The significance of GRB 211211A lies in the fact that it is the closest kilonova to have been discovered without gravitational waves. This proximity, in a neighboring galaxy approximately 1 billion light years away, allowed scientists to study the merger’s properties in unprecedented detail. The findings have exciting implications for the upcoming gravitational wave observation run, scheduled to commence in 2023.
Furthermore, the team identified how the jet of high-energy electrons responsible for causing the gamma-ray burst changed over time. The cooling down of this jet was found to be responsible for the longer-lasting emission of GRB 211211A. The researchers believe that studying more events like this one will shed light on other enigmatic gamma-ray bursts that do not align with standard interpretations.
Dr.
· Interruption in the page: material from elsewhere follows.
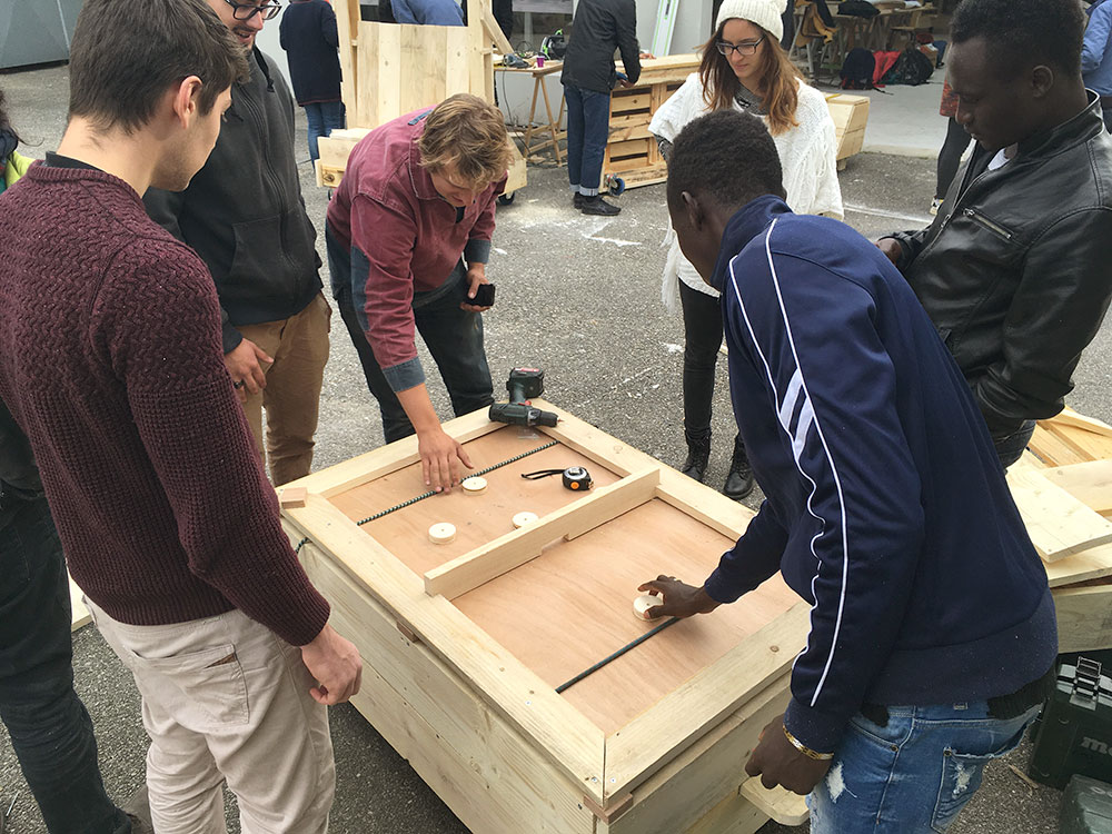 Au troisième jour, l’énergie était concentrée sur la partie construction. L’équipe « se réunir » s’était lancée dans la fabrication de deux fauteuils avec des dossiers escamotables, des rallonges pour les coupler et un jeu de palets.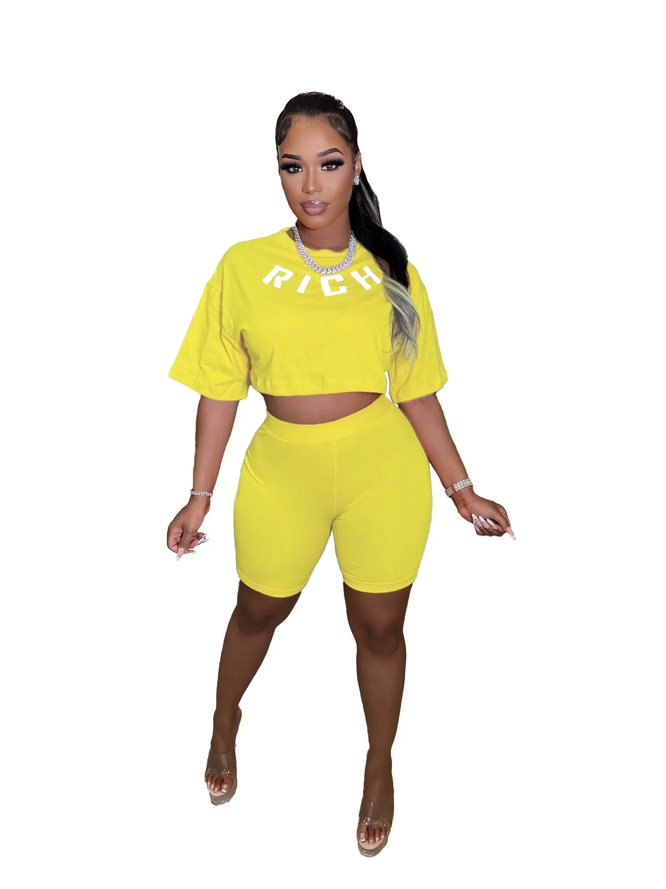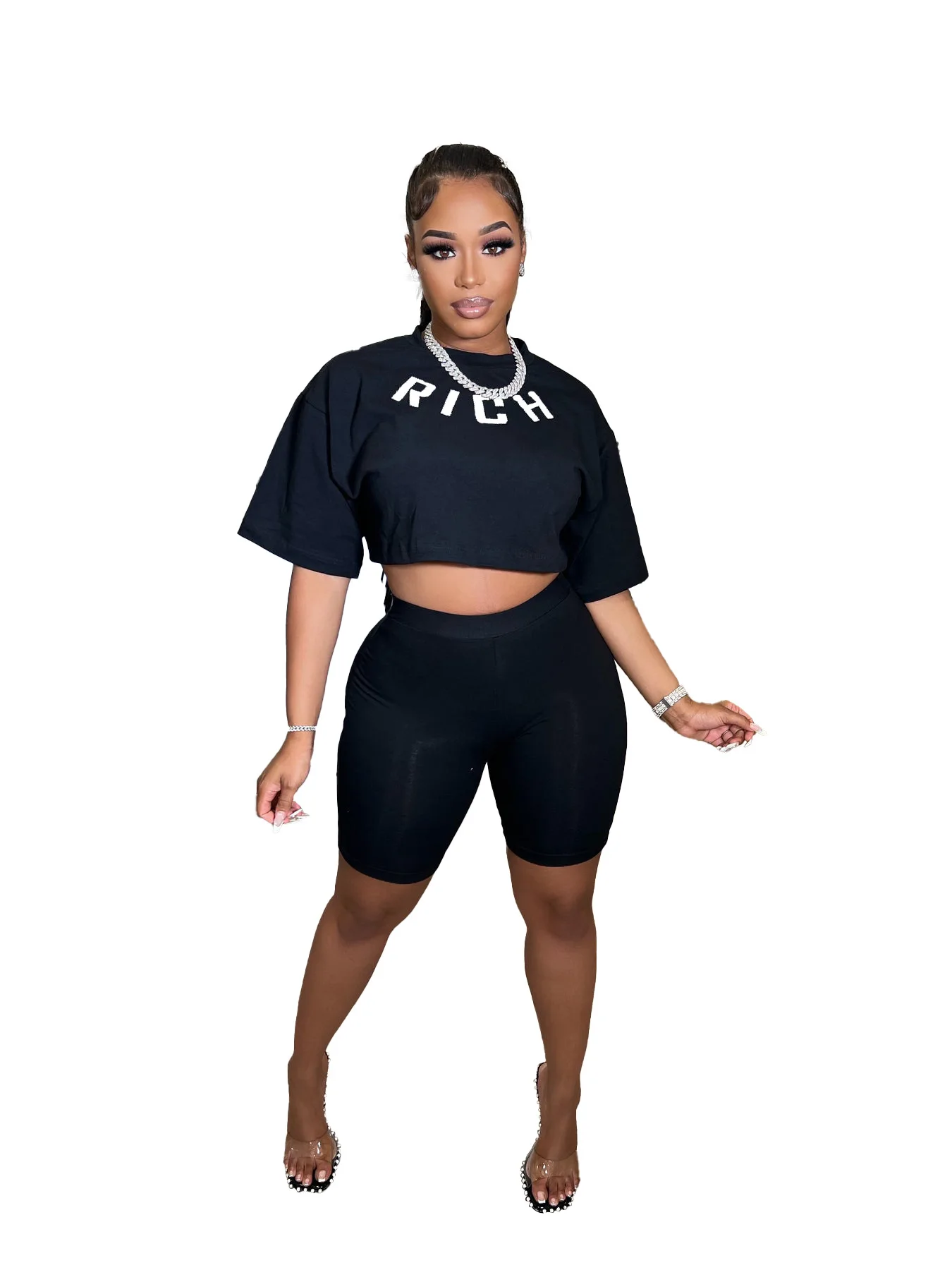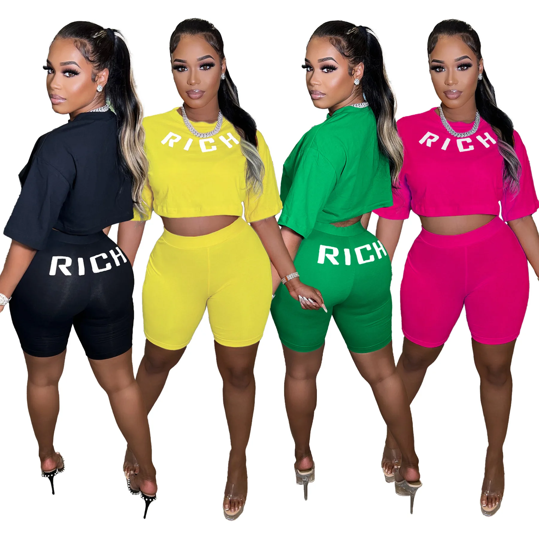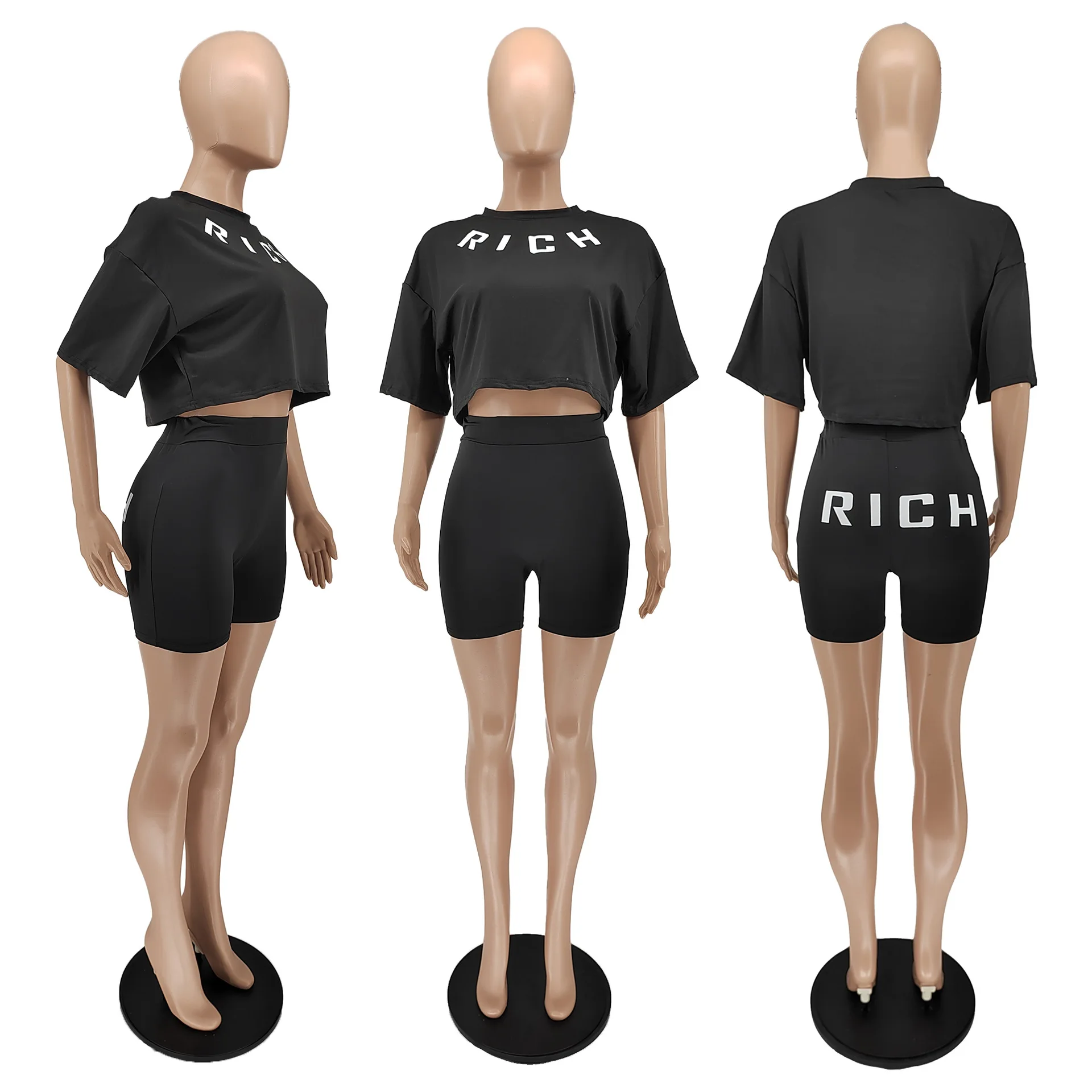 Y2k Women Summer Clothing Two Piece Set Rich Letter Print Tshirt and Shorts Sets Woman’s Sustainable Tshirt Shorts 2 Piece Set

Benjamin Gompertz, Assistant Professor at the University of Birmingham and lead author of a related paper in Nature Astronomy, described GRB 211211A as a “remarkable” gamma-ray burst. Typically, mergers last no more than two seconds, but this particular event powered a jet for almost a full minute. While it is possible that the behavior is explained by a long-lasting neutron star, the researchers have not ruled out the possibility that what they observed was a neutron star being torn apart by a black hole. The detailed information gathered from GRB 211211A will be pivotal in determining the correct interpretation.
The study was funded by the European Research Council under the KilonovaRank project, which leverages Big Data to investigate significant cosmic events.